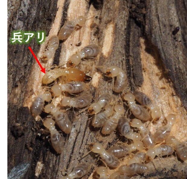 シロアリはゴキブリに近い仲間です。 ヤマトシロアリは朽ち木、 石の下、 人家など、 暗くて湿った場所に巣を作ります。 シロアリは女王、 王、 ワーカー(働きアリ)、 ソルジャー(兵アリ)、 ニンフ(羽アリになる)がそれぞれ役割分担をしている家族集団です。
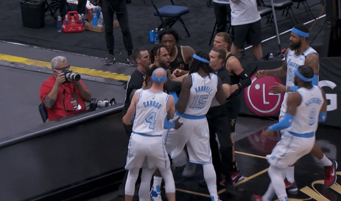 NBA官方宣布湖人和猛龙冲突的处罚结果,声明:猛龙球员本布里、范弗里特以及湖人球员霍顿-塔克因为在冲突期间离开板凳席,而被禁赛一场,但没有罚款。
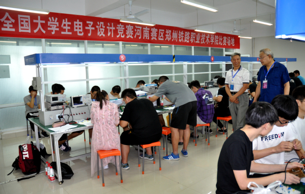 2019年全国大学生电子设计竞赛于8月10日结束,河南赛区共有包括本科组和专科组在内的56所高校、925支队伍、2775余名学生参赛,比2017年竞赛增加310支队伍,是河南赛区历届参赛队伍最多的一届比赛。根据河南省教育厅及赛区组委会安排,河南赛区所有参赛作品的评审测评工作在我校举行,测评地点为学校6号楼实践教学中心电工电子实训室。8月11至15日,进行竞赛作品的评审测试工作,评审测评结束后,专家组根据竞赛成绩和答辩成绩评选出了省级一、二、三等奖;8月18日至19日,进行了河南赛区推荐国家级奖的83支优秀参赛队的综合测评工作,并报送全国大学生电子设计竞赛组委会参加国赛评审。
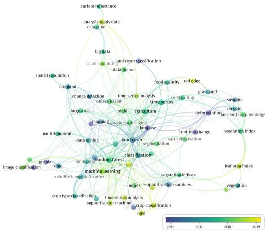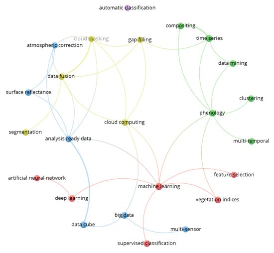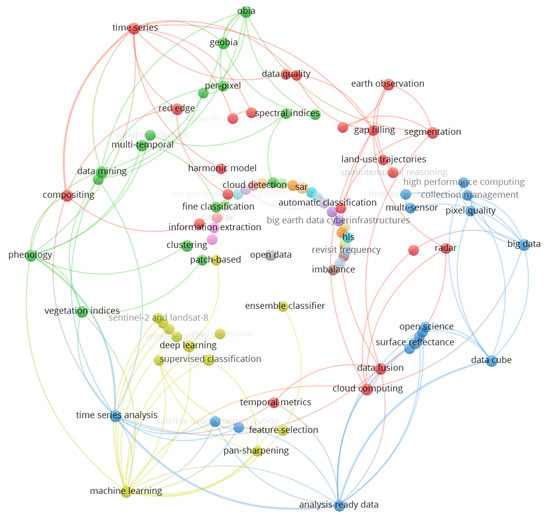 The network reveals a high connection among relevant and different features, techniques, and methods used as a strategy to address LULC-related purposes. The strength of the connections reinforces the association of ’land use’, ’land cover’, and ’land use change’ with ’machine learning’ techniques, ’time series analysis’, and object-based (’OBIA’, ’GEOBIA’, ’segmentation’) approaches, as well as ’surface reflectance’, ’big data’, ’data fusion’ (’analysis-ready data’, ’data cube’), ’vegetation indices’, and ’data mining’ for ’image classification’. By text mining, it was also was possible to detect the evolution of the research terms occurrence throughout the period of analysis (Figure 5).
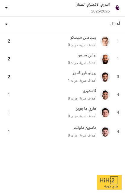 ويتصدر بنيامين سيسكو قائمة هدافي مانشستر يونايتد في الدوري هذا الموسم، حيث سجل هدفين ، متساويًا مع مبويمو وبرونو فرنانديز .
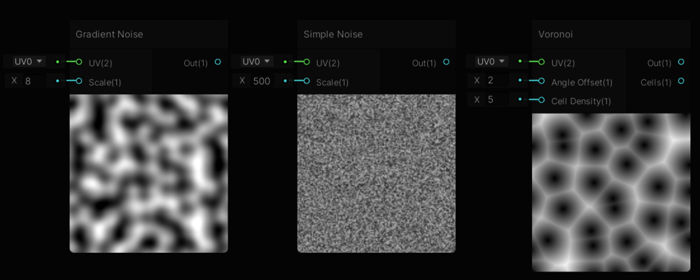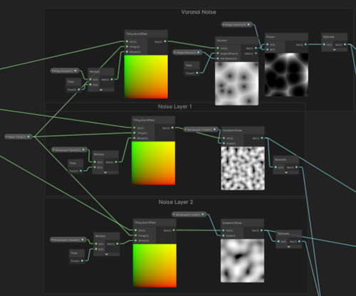 Zwei Gradient-Noise-Muster mit verschiedenen Größen und ein Vornoi-Noise-Muster, das später die weißen Kanten von bspw. brechenden Wellen darstellt.
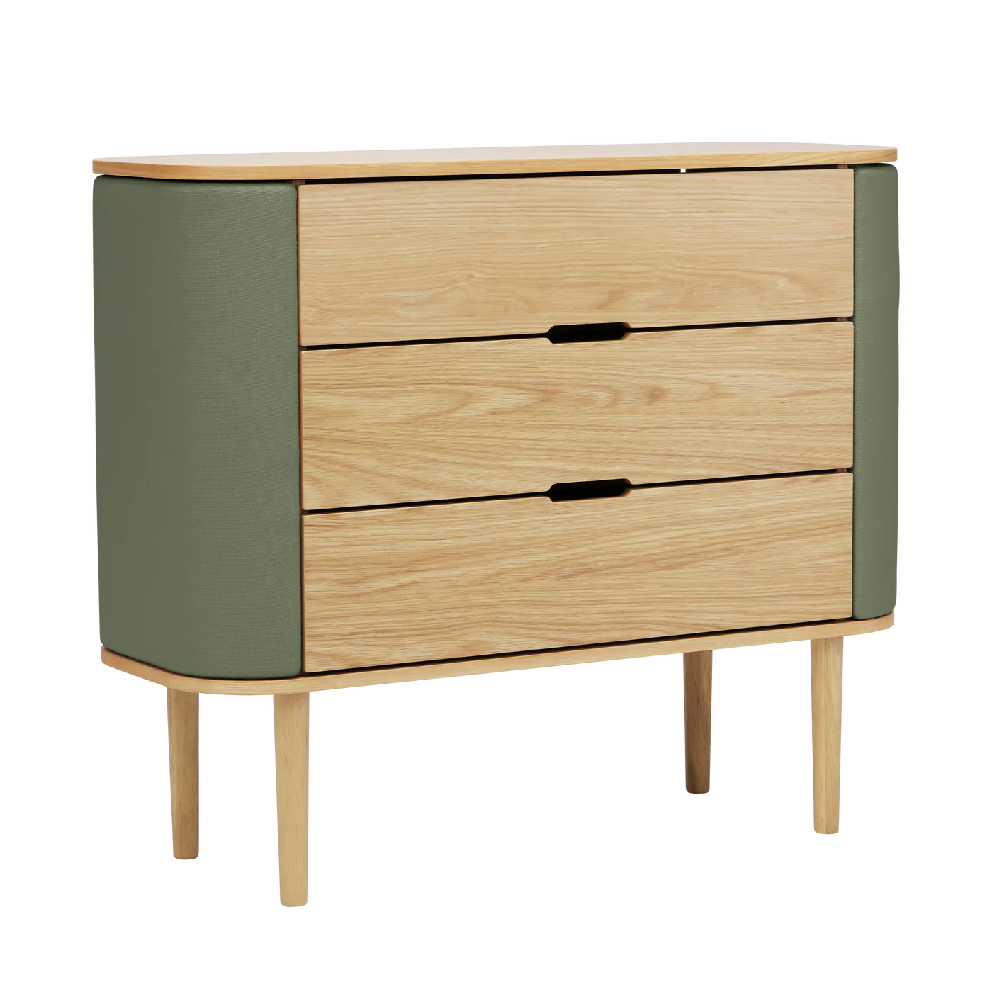 Umage Treasures commode in eik (Morning Meadows) is een verfijnd Scandinavisch opbergmeubel met vleugeldeuren en drie ruime lades. Lees meer
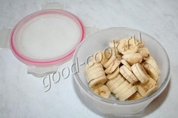Бананы нарезать маленькими кубиками или тонкими кружочками и заморозить.
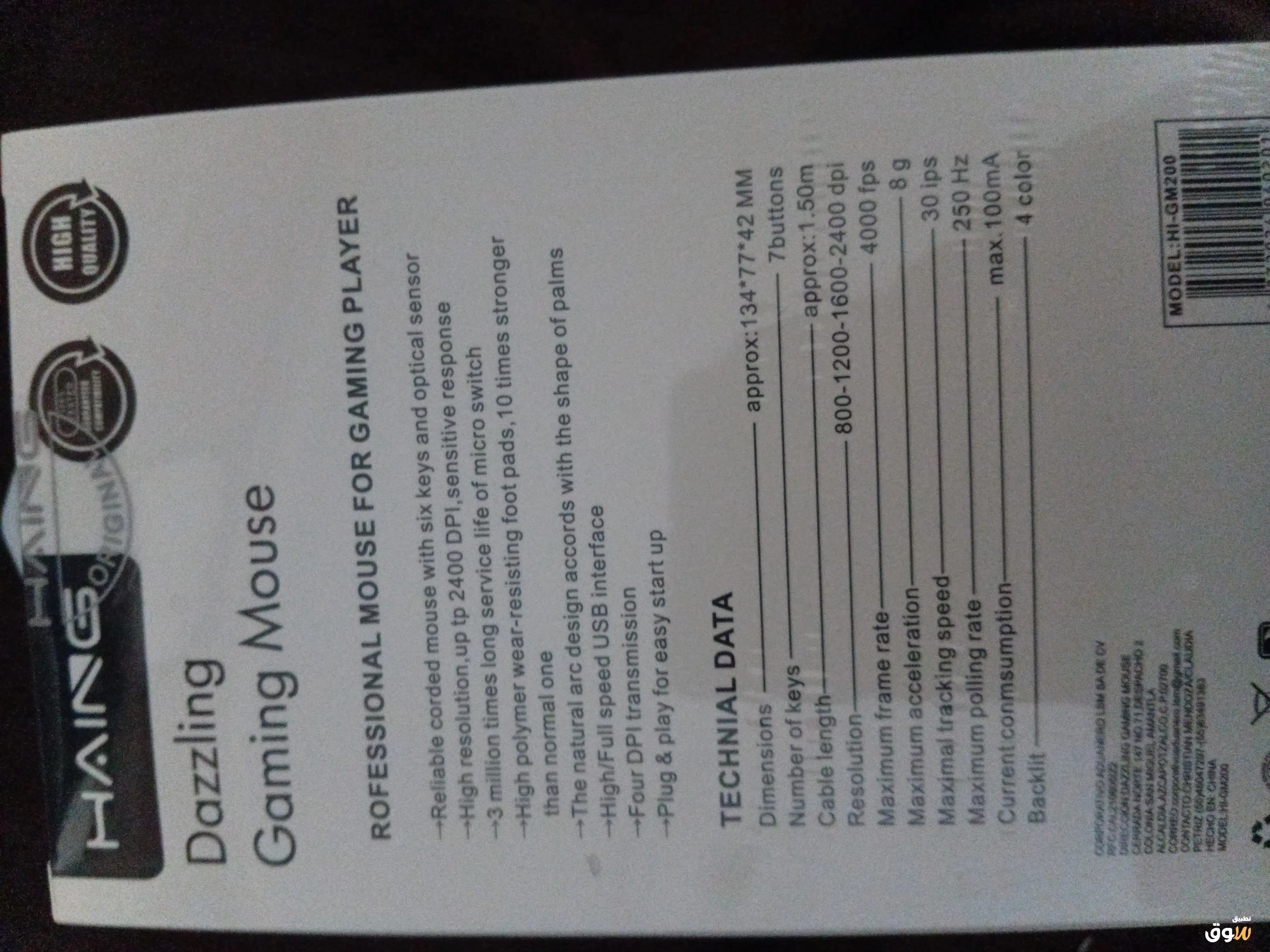 ماوس جيمينج ذا اضاءة يحتوي على 4 الوان و 7 ازراز و بمواصفات جيدة. في ضاحية الرشيد
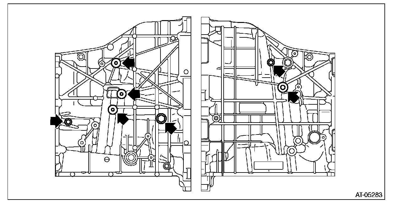 5) Apply liquid gasket seamlessly to the mating surface of transmission case.
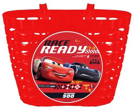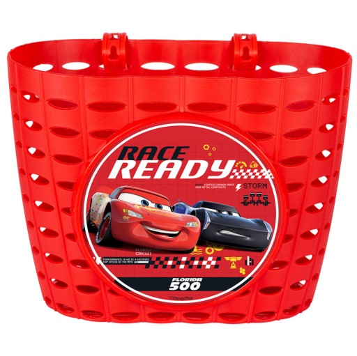 Koszyczek na kierownicę jest wykonany z kolorowego tworzywa sztucznego i ozdobiony naklejką z ulubionymi postaciami z bajek Disney. W bardzo prosty sposób mocuje się go do kierownicy za pomocą pasków załączonych w komplecie.

● **How to complete this task**: The answer must be the full listing, restated word for word, with no pictures in it.

● **Written answer**:
 シロアリはゴキブリに近い仲間です。 ヤマトシロアリは朽ち木、 石の下、 人家など、 暗くて湿った場所に巣を作ります。 シロアリは女王、 王、 ワーカー(働きアリ)、 ソルジャー(兵アリ)、 ニンフ(羽アリになる)がそれぞれ役割分担をしている家族集団です。
 NBA官方宣布湖人和猛龙冲突的处罚结果,声明:猛龙球员本布里、范弗里特以及湖人球员霍顿-塔克因为在冲突期间离开板凳席,而被禁赛一场,但没有罚款。
 2019年全国大学生电子设计竞赛于8月10日结束,河南赛区共有包括本科组和专科组在内的56所高校、925支队伍、2775余名学生参赛,比2017年竞赛增加310支队伍,是河南赛区历届参赛队伍最多的一届比赛。根据河南省教育厅及赛区组委会安排,河南赛区所有参赛作品的评审测评工作在我校举行,测评地点为学校6号楼实践教学中心电工电子实训室。8月11至15日,进行竞赛作品的评审测试工作,评审测评结束后,专家组根据竞赛成绩和答辩成绩评选出了省级一、二、三等奖;8月18日至19日,进行了河南赛区推荐国家级奖的83支优秀参赛队的综合测评工作,并报送全国大学生电子设计竞赛组委会参加国赛评审。
 The network reveals a high connection among relevant and different features, techniques, and methods used as a strategy to address LULC-related purposes. The strength of the connections reinforces the association of ’land use’, ’land cover’, and ’land use change’ with ’machine learning’ techniques, ’time series analysis’, and object-based (’OBIA’, ’GEOBIA’, ’segmentation’) approaches, as well as ’surface reflectance’, ’big data’, ’data fusion’ (’analysis-ready data’, ’data cube’), ’vegetation indices’, and ’data mining’ for ’image classification’. By text mining, it was also was possible to detect the evolution of the research terms occurrence throughout the period of analysis (Figure 5).
 ويتصدر بنيامين سيسكو قائمة هدافي مانشستر يونايتد في الدوري هذا الموسم، حيث سجل هدفين ، متساويًا مع مبويمو وبرونو فرنانديز .
 Zwei Gradient-Noise-Muster mit verschiedenen Größen und ein Vornoi-Noise-Muster, das später die weißen Kanten von bspw. brechenden Wellen darstellt.
 Umage Treasures commode in eik (Morning Meadows) is een verfijnd Scandinavisch opbergmeubel met vleugeldeuren en drie ruime lades. Lees meer
Бананы нарезать маленькими кубиками или тонкими кружочками и заморозить.
 ماوس جيمينج ذا اضاءة يحتوي على 4 الوان و 7 ازراز و بمواصفات جيدة. في ضاحية الرشيد
 5) Apply liquid gasket seamlessly to the mating surface of transmission case.
 Koszyczek na kierownicę jest wykonany z kolorowego tworzywa sztucznego i ozdobiony naklejką z ulubionymi postaciami z bajek Disney. W bardzo prosty sposób mocuje się go do kierownicy za pomocą pasków załączonych w komplecie.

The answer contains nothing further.